Smalanda 18.11.2011, 16:16 Uhr 0 1

Oktober 2011

Trotz Poesie kein Gedicht

 

Über Finanzplätze streifen schnurrbärtige Maskenmänner,

die üblichen Verdächtigen spielen kuschlige Opferlämmer.

Le President zeigt auch politisch nun seine wahre Grösse,

für entscheidende Worte ist Angela Souffleuse.

Wenigstens die Spezialschuhe heben etwas in den Himmel,

für la Bella Carla bleibt er der Ritter auf dem Blauschimmel.

 

Im Land der weissen Häuser hat der letzte Hund gebellt.

am Strand werden geschwind Rettungsschirme aufgestellt.

Und die Zahlen drunter fallen „flatsch“ in den Sand,

Staffros hält das Ding fragend in der Hand:

„Mist, haben wir den jetzt falsch aufgebaut?“

„War bestimmt kaputt!“ antwortet Ilias, während er das Etikett anschaut.

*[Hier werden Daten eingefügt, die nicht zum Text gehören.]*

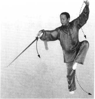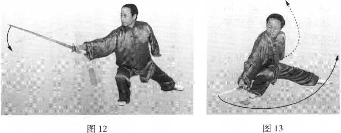 1 图11图11太 极 拳 规 范 教 程太 极 拳 规 范 教 程.左脚向左后方落步,右腿屈膝下蹲成仆步;同时左臂内旋,左剑指 经腰左侧向后反穿;随之右手持剑,略向下沉并外旋,使手心向上。目视 剑尖(图12、图13 )o图11图11太 极 拳 规 范 教 程太 极 拳 规 范 教 程2 .上体左转;左脚尖外撇,右脚尖内扣,左腿屈膝前弓成左弓步;同 时右手持剑,向上、向左横扫,手心向上,停于身体左前方;左剑指经左 后方摆至身体左上方。目视剑尖(图14 )。图14图14五、右左平带五、右左平带【要点】图14图14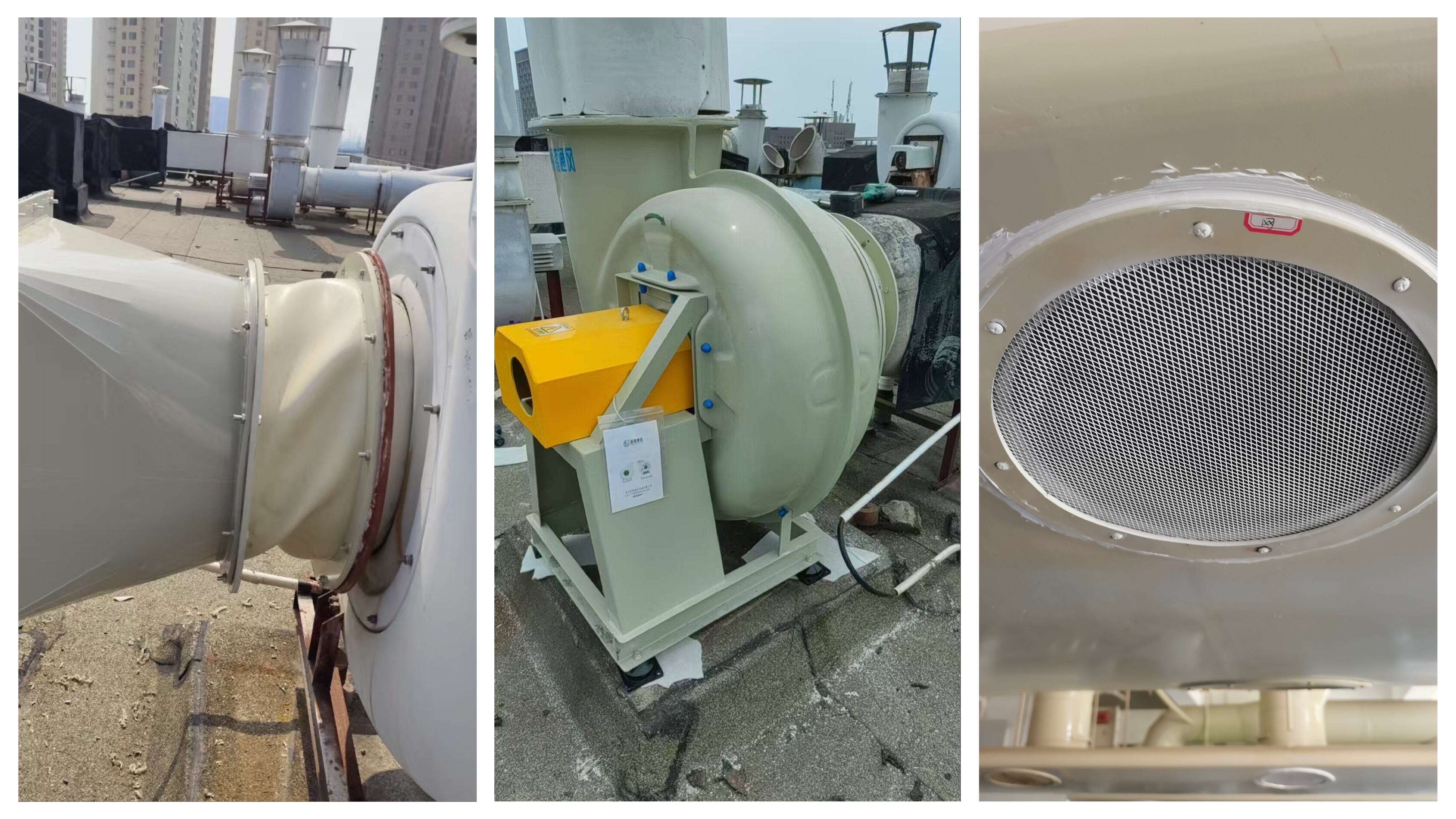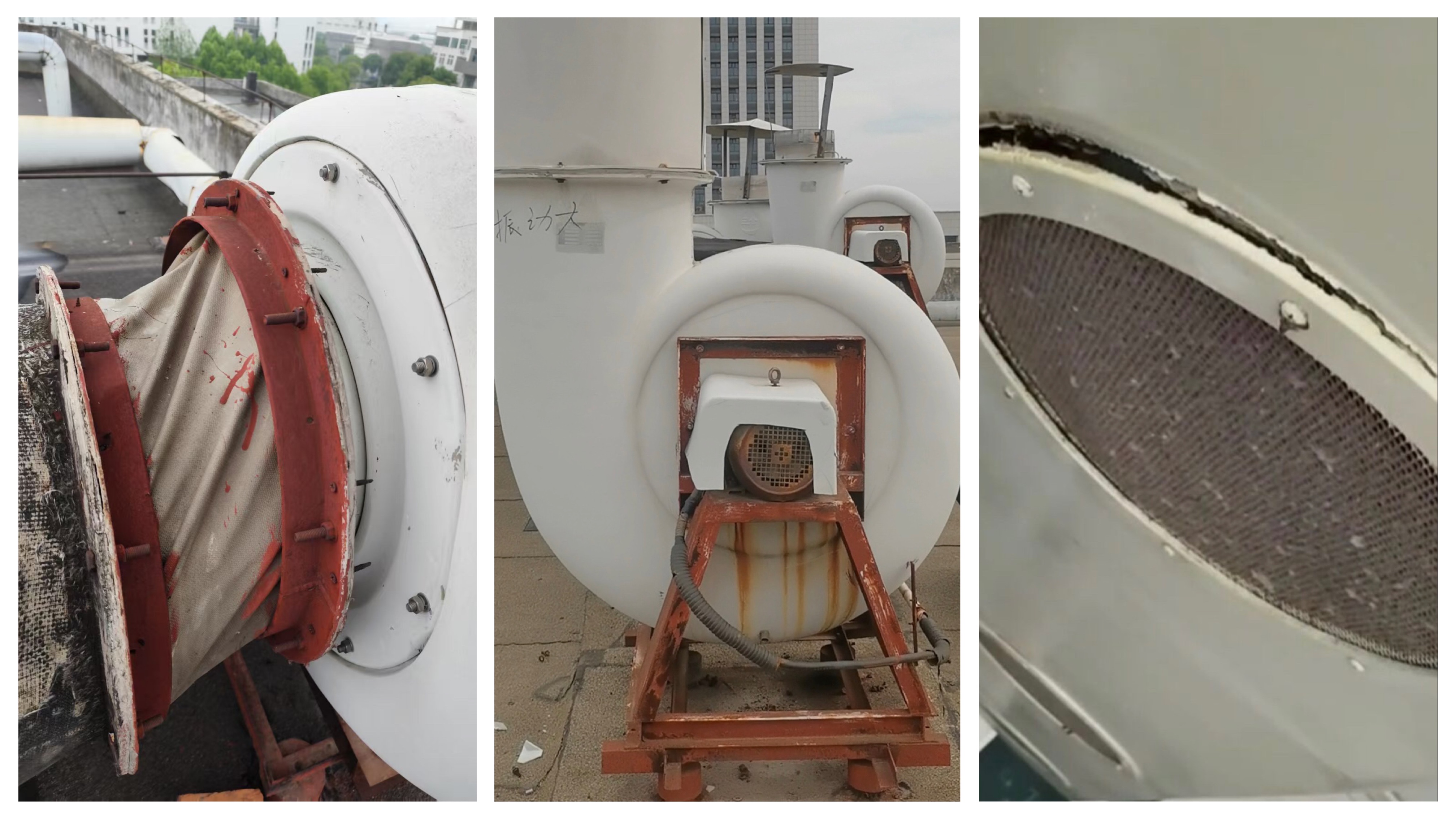 针对排查出的问题,学院迅速组织专题讨论,敲定维修方案,明确三大任务:更换楼顶破损软连接;更换故障风机并对所有风机进行全面保养;彻底清洗8间实验室的通风罩口。

„Made in Germany!“ heisst’s hier. Was isn‘ das für’n Dreck?“

Staffros erbost: „Da wollen wir aber Ersatz, eh der nächste verreckt!“

 

Unterdessen nehmen Herrmann und Ulrike Platz am Strand,

die Supermarkttüten prall gefüllt in der Hand.

„Schatz, reich mir doch den Sarkoziki und die Merkrelen in Aspik!“

Also Globalisierung funktioniert kulinarisch doch très magnifique!“

Eine Stunde später hat Hermann ein Problem im Verdauungstrakt:

„Manchmal, Ulli, wäre Trennkost besser, auch wenn vertrackt!“

Der angebrochene Tag endet unschön auf dem WC,

Ulli sonnt sich ungestört bist zum Sonnenbrand juhe.

Hermi wirkt blass und vollkommen entkräftet,

seine Augen permanent an die Kloschüssel geheftet,

resümiert er etwas zittrig und ziemlich erschlagen:

„Es ist zwar hart aber man kann’s grad noch vertragen.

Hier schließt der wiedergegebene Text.